As a driver, you get a discount for being older, female, and married.
The highest rates are paid by young unmarried men, the lowest by
middle aged married women. There is no similar insurance dynamic at
play in airplanes. Nobody really cares about your age, sex, or
marital status. Why?
Driving is mandatory, flying is optional.
Unless you live in New York City, you have to drive. There isn't a
realistic choice. But you can choose when, how, and how much. You
can avoid high traffic areas. You can slow down. You can avoid
driving at night. In general, you can reduce your exposure by
reducing the utility of your car. The whole idea is anathema to a
young unmarried man. He will go where he wants to go, when he wants
to go there, and as fast as he can get there. A middle aged married
woman will delay her trip, take longer, go elsewhere if possible, and
just not go if she can. She is most likely far less skilled as a
driver than the young unmarried male, but she is safer. She drives
only when necessary, and then in the safest way possible.
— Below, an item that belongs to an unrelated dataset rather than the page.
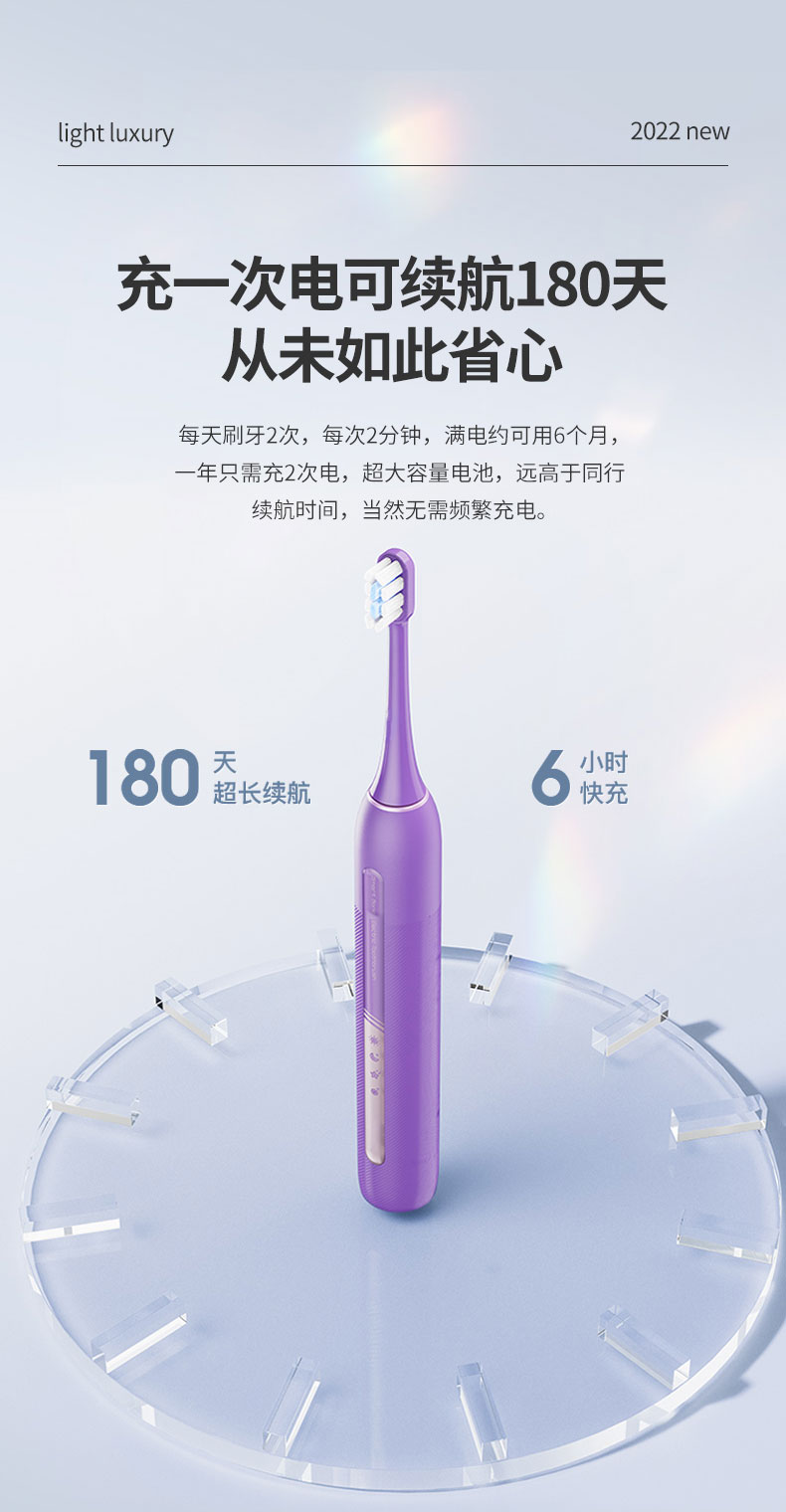 牙刷類型:磁懸浮聲波振動

Of course there are exceptions - there are cautious young unmarried
men and middle aged married women who seek adventure on the open road,
but they are just that - exceptions.
Flying is completely different. It's optional. There are a very few
people who have a valid need to fly, but that doesn't include most of
us. We fly because we want to fly. For that reason, there are no
safe private pilots.
Yes, I am absolutely serious. There are no safe private pilots.
They've all quit. Every private pilot still flying has made the
decision, consciously or unconsciously, that the fun and possible
marginal utility of flying is worth the increased risk of serious
injury and even death, not only for himself but for his passengers.
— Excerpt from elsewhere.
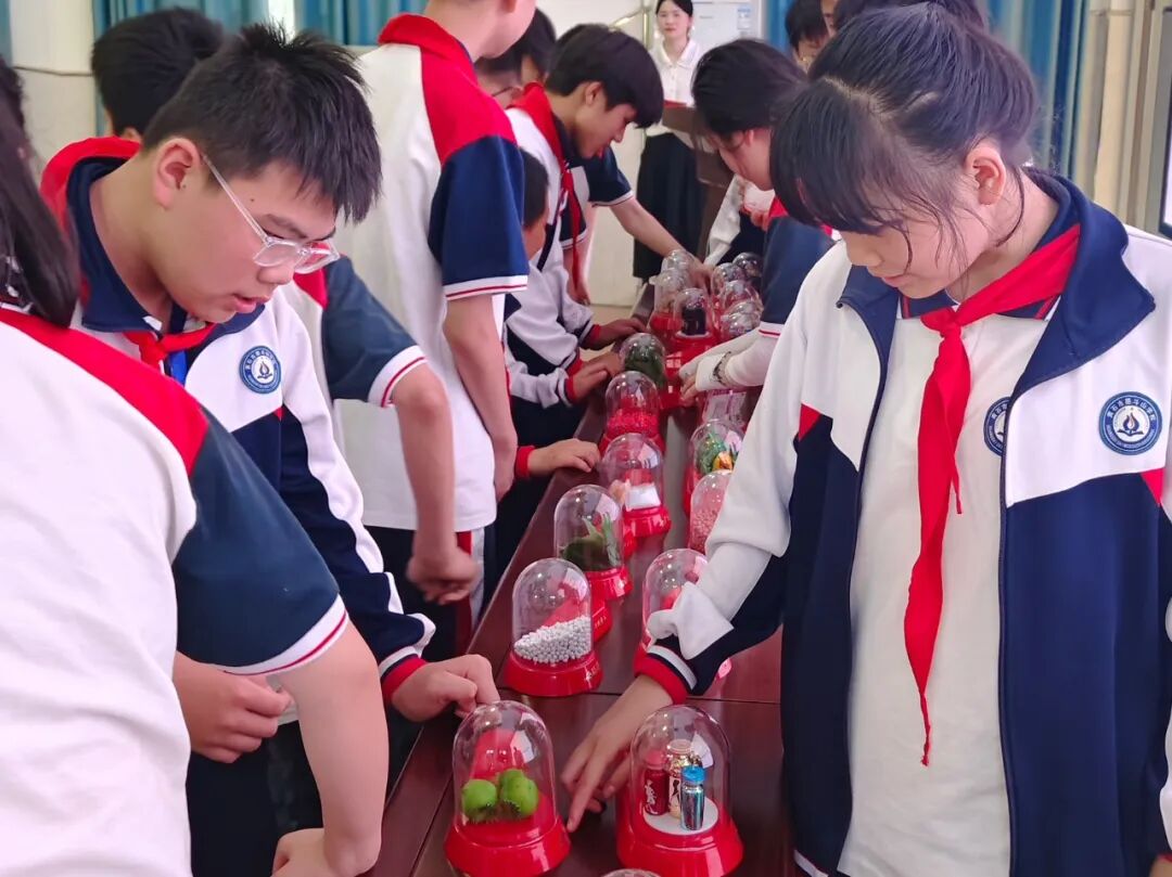 紧接着,游侠通过仿真毒品模型展示,重点向大家科普了新型毒品伪装性强的特点,比如上头电子烟实际上是添加了依托咪酯、合成大麻素类物质的电子烟,一旦吸食极易成瘾。随后,游侠邀请师生们上台近距离观摩毒品仿真模型,他们热情高涨,纷纷指着模型提问,游侠一一为大家答疑解惑。

Every trip the typical private pilot makes in an airplane could have
been more safely made by car or commercial carrier - and generally
cheaper and more reliably as well.
Why doesn't your insurance company care about your great judgment and
commitment to safety? Because it's all a bunch of crap. If you were
really committed to safety, you would have already quit. That's why
there is no discount for age, marital status, or sex. Because that
'discount' is realized by not needing aviation insurance because you
don't fly.
So what do insurance companies care about? Why, the one thing you can
do to improve your odds without quitting - improving your skill and
knowledge. Both tend to accumulate with experience, so every insurer
cares about experience. Both also tend to accumulate with training
(initial and recurrent) so most insurers also care about that. The
more relevant the skill and knowledge the better, so insurers care
about time in category, class, and make/model. Skill rots, so recent
experience also counts.
Skill and knowledge don't make you safe - nothing will - but they do
make you safer. If you want safety, put your airplane in the hangar.
It's safe there. But that's not what airplanes are for.